» **SUPPLIED INFORMATION**
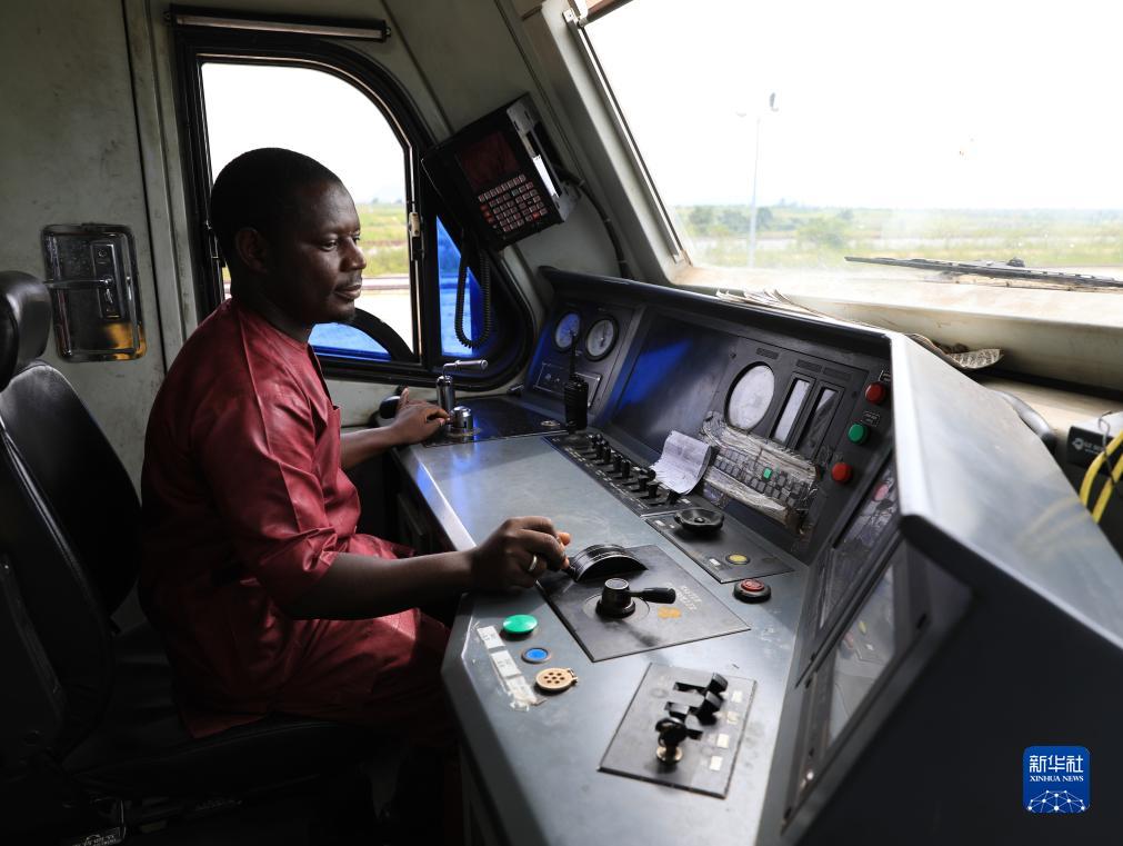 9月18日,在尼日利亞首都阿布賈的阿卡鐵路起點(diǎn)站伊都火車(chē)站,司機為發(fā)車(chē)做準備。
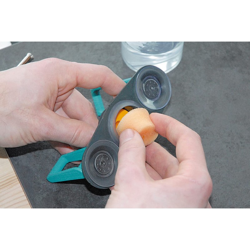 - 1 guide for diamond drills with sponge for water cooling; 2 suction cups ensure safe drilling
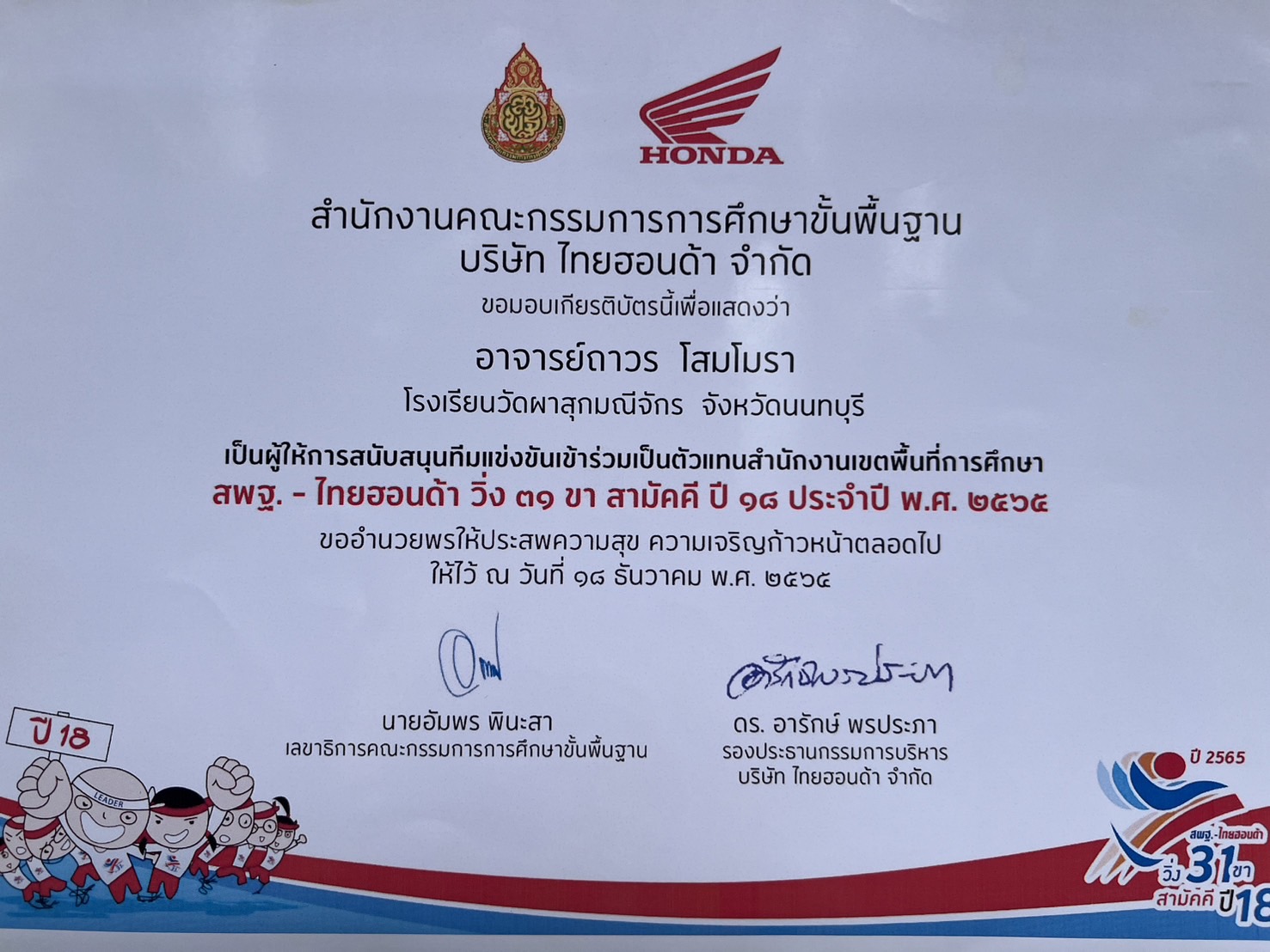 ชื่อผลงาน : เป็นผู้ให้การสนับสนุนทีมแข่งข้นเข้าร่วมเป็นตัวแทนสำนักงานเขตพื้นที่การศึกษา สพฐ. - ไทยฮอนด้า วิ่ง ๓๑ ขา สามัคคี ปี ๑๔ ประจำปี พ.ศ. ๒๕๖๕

» **TASK PROMPT**
Only the pictures are dropped when you print the material; everything else is copied exactly.

» **TASK ANSWER**
 9月18日,在尼日利亞首都阿布賈的阿卡鐵路起點(diǎn)站伊都火車(chē)站,司機為發(fā)車(chē)做準備。
 - 1 guide for diamond drills with sponge for water cooling; 2 suction cups ensure safe drilling
 ชื่อผลงาน : เป็นผู้ให้การสนับสนุนทีมแข่งข้นเข้าร่วมเป็นตัวแทนสำนักงานเขตพื้นที่การศึกษา สพฐ. - ไทยฮอนด้า วิ่ง ๓๑ ขา สามัคคี ปี ๑๔ ประจำปี พ.ศ. ๒๕๖๕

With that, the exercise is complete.